**Task details**
Produce a word-for-word copy of the lines from the one that contains "Tuż obok placu" to the final line of the data below, with all pictures dropped.

**Records shown**
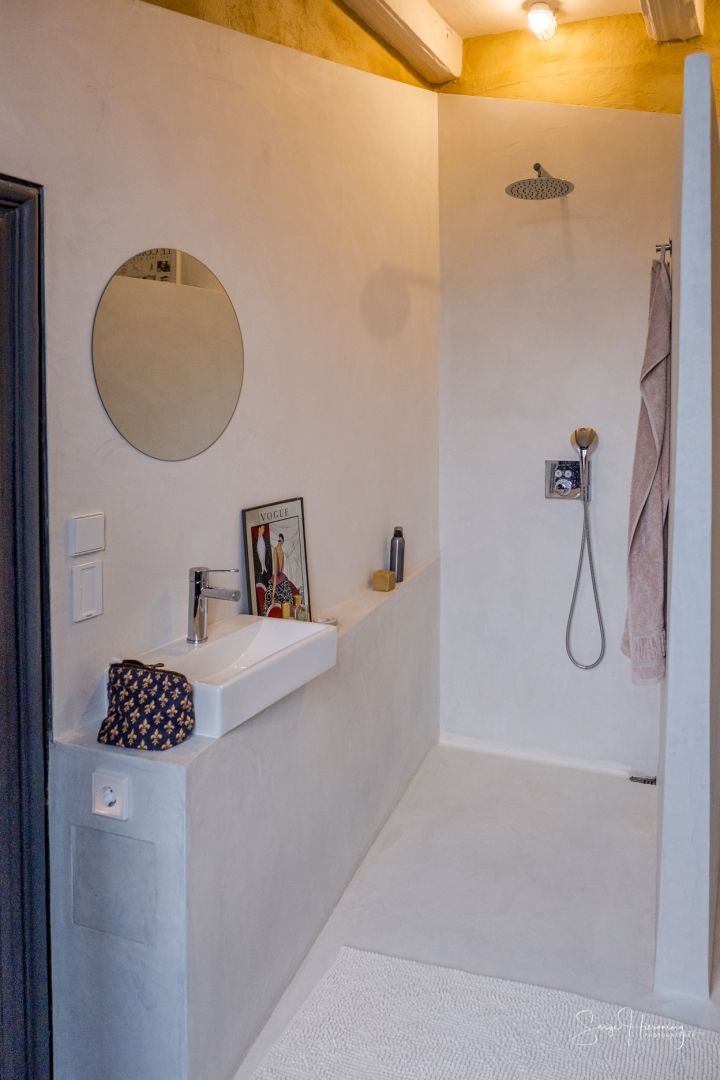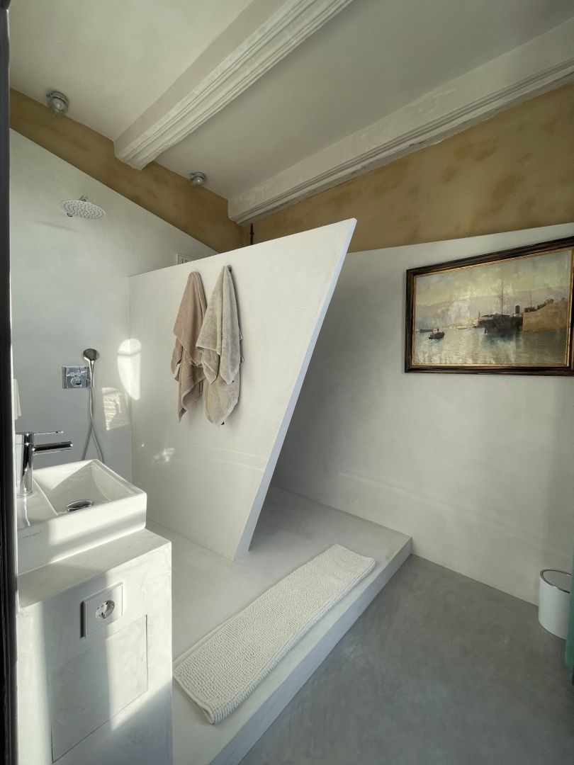 “Sea of Ice” bathroom with an “Italian” shower, sink and toilet
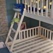 Crafted from sustainable, high-quality wood, this bunk bed is built to last, ensuring years of comfort and security. The natural wood finish gives it a timeless look that will complement any room decor, while the sturdy ladder ensures easy and safe access to the top bunk.
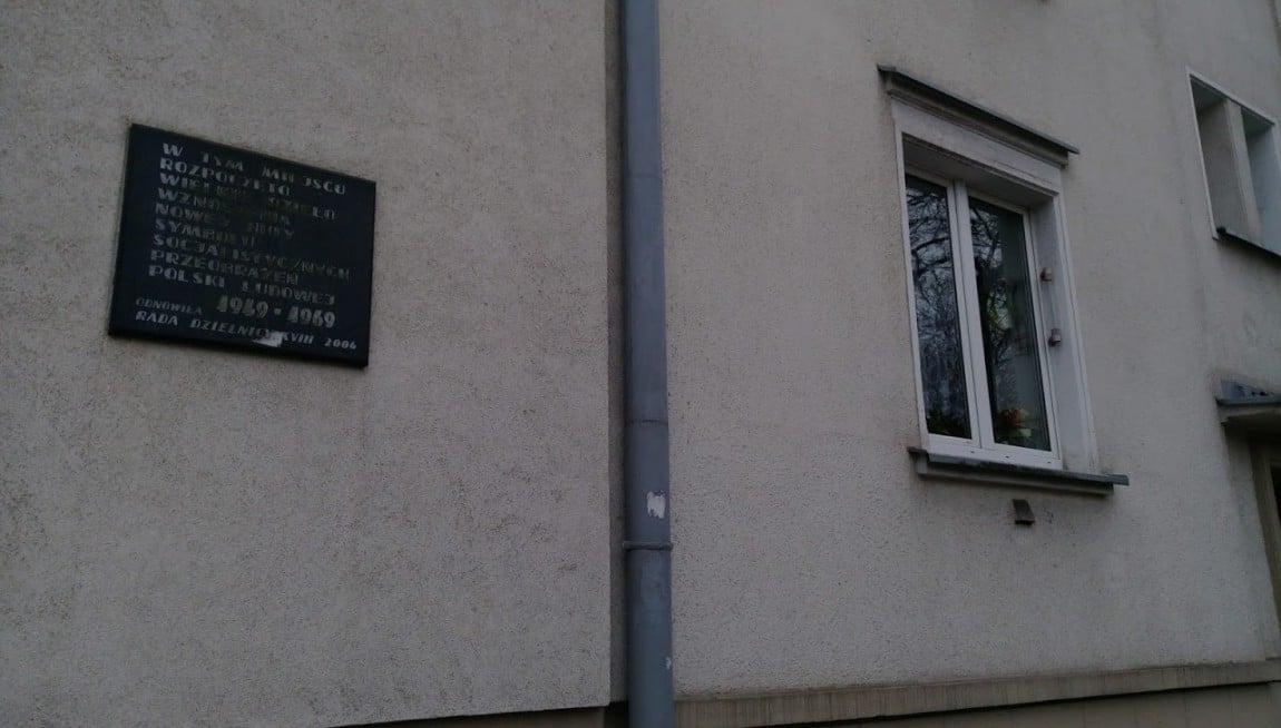 Tuż obok placu Pocztowego na jednym z budynków wisi tablica wskazująca miejsce, w którym rozpoczęło się "dzieło wznoszenia Nowej Huty". Fot. EW
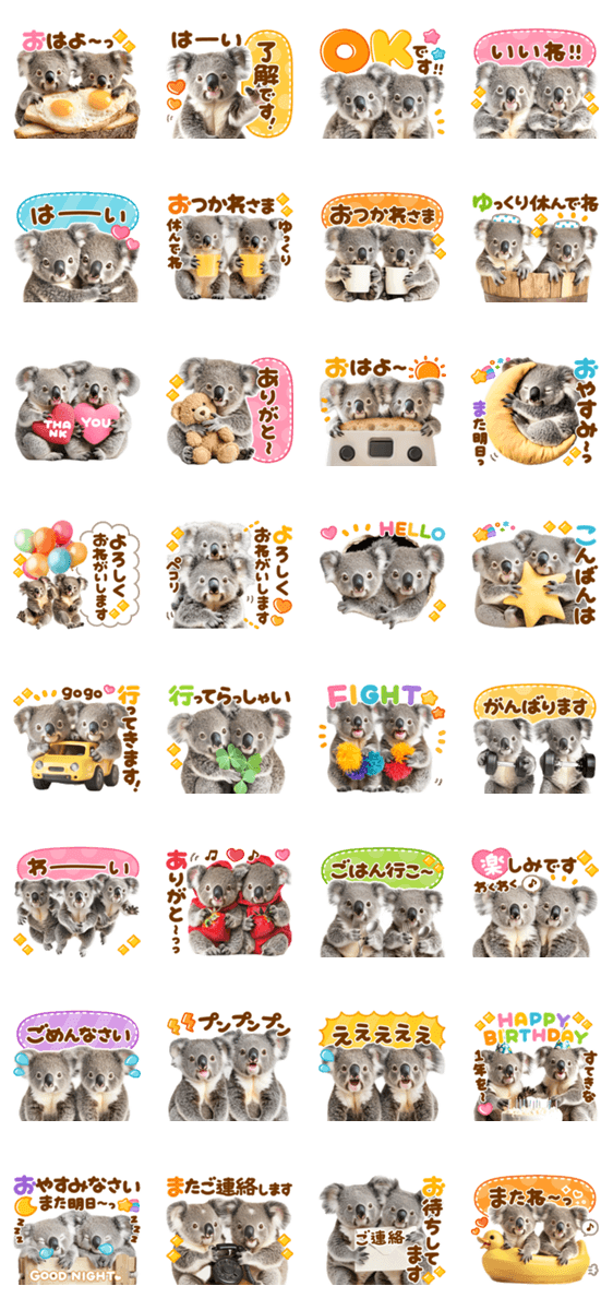 まったり癒しのコアラちゃん達が可愛くごあいさつ♪年中使えるスタンプです♪
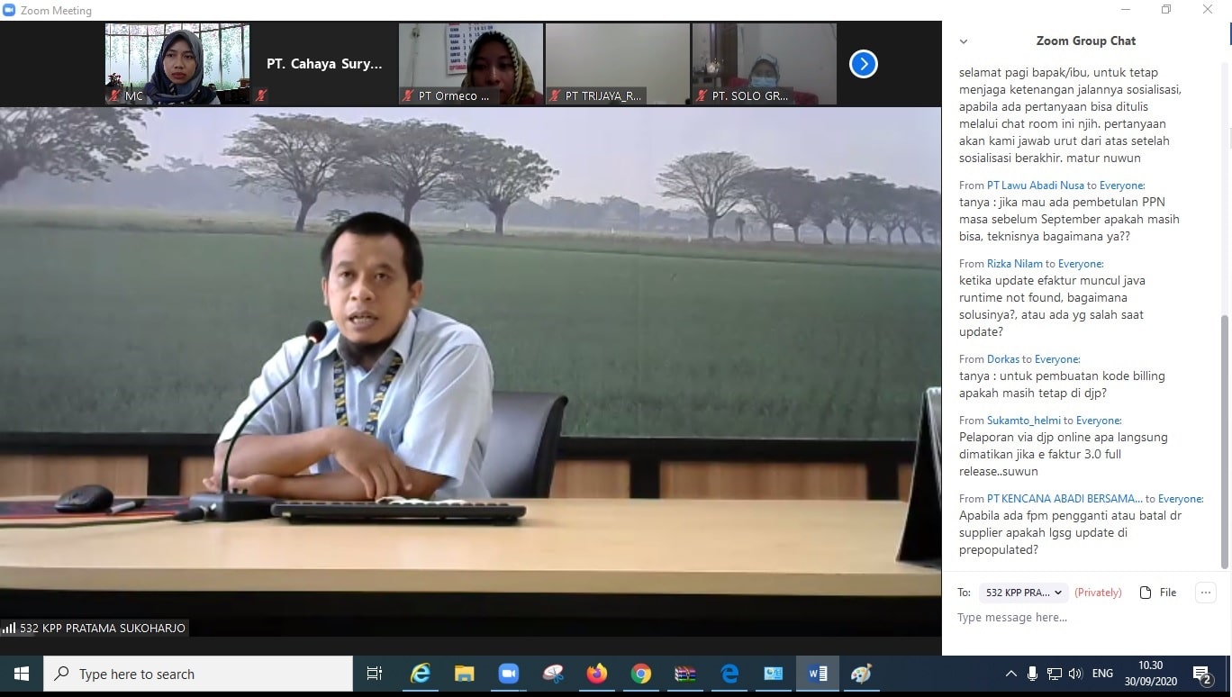 Kantor Pelayanan Pajak (KPP) Pratama Sukoharjo kembali menyelenggarakan sosialisasi aplikasi e-Faktur 3.0 melalui media telekonferensi di ruang rapat KPP Pratama Sukoharjo (Rabu, 30/9). Sosialisasi kali ini diikuti oleh 59 Pengusaha Kena Pajak (PKP) yang terdaftar di KPP Pratama Sukoharjo.

**Exercise answer**
 Tuż obok placu Pocztowego na jednym z budynków wisi tablica wskazująca miejsce, w którym rozpoczęło się "dzieło wznoszenia Nowej Huty". Fot. EW
 まったり癒しのコアラちゃん達が可愛くごあいさつ♪年中使えるスタンプです♪
 Kantor Pelayanan Pajak (KPP) Pratama Sukoharjo kembali menyelenggarakan sosialisasi aplikasi e-Faktur 3.0 melalui media telekonferensi di ruang rapat KPP Pratama Sukoharjo (Rabu, 30/9). Sosialisasi kali ini diikuti oleh 59 Pengusaha Kena Pajak (PKP) yang terdaftar di KPP Pratama Sukoharjo.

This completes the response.